By comparison, the Field Poll's last survey (based on actual registered voters surveyed Oct. 14-26) had Brown winning independents 49-33% and the L.A. Times/USC survey from Oct. 13-20 (also based on registered voters) had independents for Brown 55-26%.
Field had Latinos favoring Brown 57-27% before the election and the LAT/USC survey had Latinos backing Brown 59-23%.
Before trying to make sense of these numbers, consider a few findings from the LA Times/USC survey also taken Nov. 3-14 among actual registered voters:
1) Among those who said they think of themselves as independents instead of Democrats or Republicans (not the same as PPIC's question which asks respondents how they are registered), just one third of those who said they're independents were actually registered as Decline-to-State voters.
2) Among Latino voters, Whitman's unfavorable rating was 71% compared to 17% favorable. Among registered DTS voters, it was 65% unfavorable and 22% favorable.
3) Latinos favored Brown over Whitman 80-15% (compared to the National Election Pool exit poll that said Latinos backed Brown 64-30%).
Confused yet? What the hell actually happened?
Did something occur in the closing weeks of the campaign that drove all of the undecided "independents" in PPIC's survey to Brown? Or were they already lined up behind him as Field and LAT/USC found? How big was the Latino margin for Brown in the end? What actually drove the vote?
First, let's look at the independent voters. According to the LAT/USC survey, they voted 59-33% for Brown which is not far off from PPIC's 56-38%. The difference is in the shift that PPIC found versus what the LAT/USC and Field had before the election. PPIC's survey suggests a huge movement of independents for Brown. It's hard to see what could have driven that.
But the movement among Latinos - about 15-20% of whom are likely DTS voters - is easily explained by Whitman's handling of her housekeeper, Nicky Diaz. In the end, somewhere between 65-80% of Latinos ended up voting for Jerry Brown. With a 71% unfavorable rating among Latinos, that's not hard to comprehend.
Mark Baldassare of PPIC argues that his polls in October and November were both correct, and that the same things that drove Latinos to Brown also may have propelled independents. We suspect it's more likely that the problem is rooted in using questions, rather than actual voter lists, to identify "independents" and that the October survey, for whatever reason, didn't capture what was actually happening among actual DTS voters. (PPIC has to ask questions to identify likely voters and to classify them by party because it uses random digit dialing instead of working from the Secretary of State's list of registered voters.)
But let's go back to that PPIC finding in October that showed the economy was the top issue and that voters saw Whitman as better on the issue than Brown.
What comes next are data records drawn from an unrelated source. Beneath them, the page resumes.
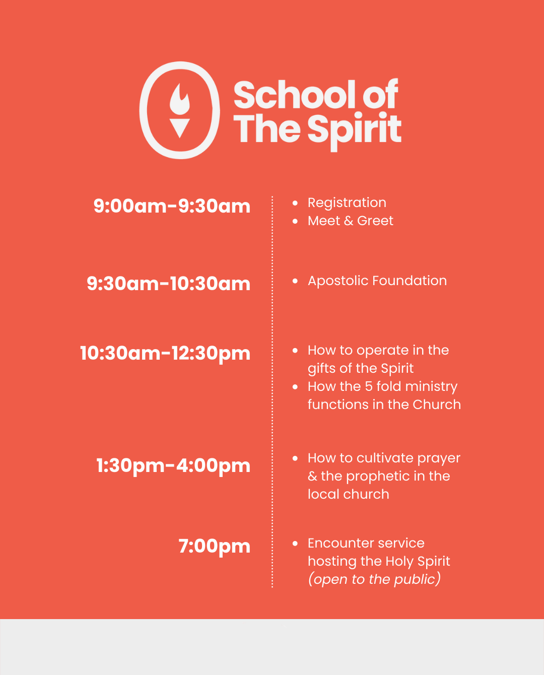 Join us for this powerful one-day School of the Spirit intensive designed for pastors, church leaders, ministry teams, and believers hungry for a deeper move of God. This transformational day will equip you to minister in the power of the Holy Spirit and grow in spiritual effectiveness.
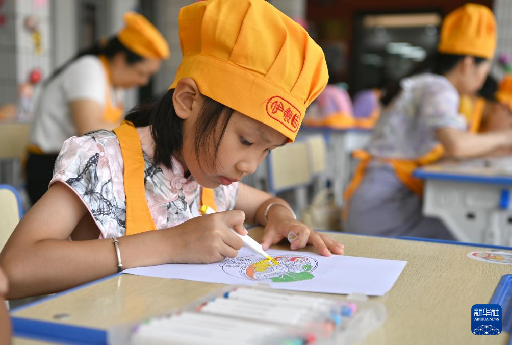 8月10日,孩子在南宁市第一职业技术学校彩绘老友粉。
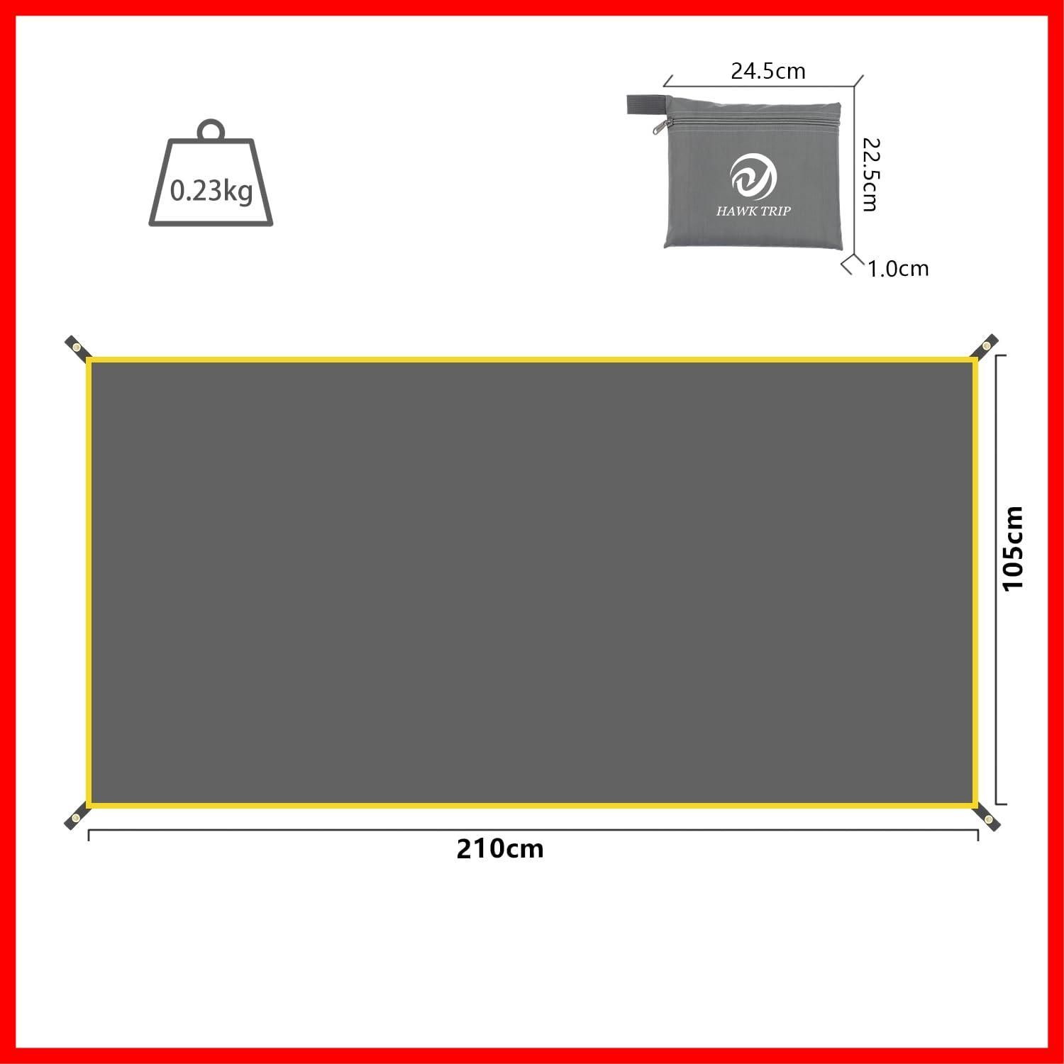 テントシート グランドシート 防水シート 軽量 収納バッグ付き アウトドア キャンプ 登山 ピクニックハイキング (グレー, 105x210cm)
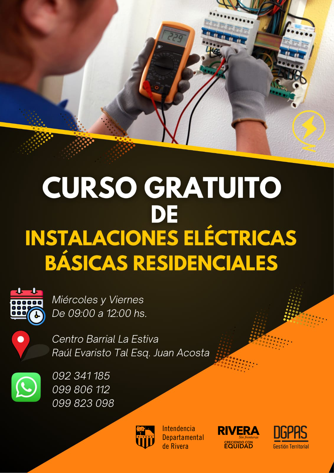 La Intendencia Departamental de Rivera, a través de la Div. Gestión Territorial de la Dirección General de Promoción y Acción Social, promueve e invita a un Curso Gratuito de Instalaciones Eléctricas Básicas Residenciales, que se brindará los días miércoles y viernes de 09:00 a 12:00 hs. en el Centro Barrial La Estiba – calle Raúl Evaristo Tal esq. Juan Acosta, barrio La Estiba.
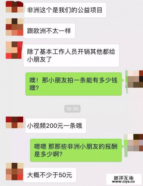 这位店主表示,非洲项目是他们的公益项目,除了基本开支和工作人员的开销,其他都给小朋友了,一条200元的视频,小朋友大概能拿到50元。按照一条视频需要10位小朋友计算,每位小朋友的报酬约为5元。

What the data all seem to suggest is something Calbuzz has argued several times before: that the race for governor did not turn on issues, but on character. In the end, voters saw Brown as the more authentic candidate whose values reflected more closely their own. By emphasizing that he would not raise taxes without voter approval, he made himself safe to moderate voters who didn't like what they saw from Whitman.
By emphasizing "at this stage of my life" Brown wanted nothing more than to do what needed to be done, he undercut the attacks that portrayed him as a tool of unions and other special interests.
In other words, the conventional wisdom - that the election would turn on the economy and jobs - turned out to be completely wrong. That's the ground on which team Whitman wanted to fight, but once the Bill Clinton ad blew up in her face and she refused to take it down, and once Nicky Diaz surfaced, the stories that captured voters' attention were all about character and integrity.
Why does any of this matter? Because when the story of the 2010 California governor's race is written, it should not make it all about independents and Latinos except to the extent that these voters were moved by impressions of the character of the combatants.
BTW, the PPIC survey goes into great detail looking at the propositions and the initiative process. It's chock full of interesting data that we're not even touching on here.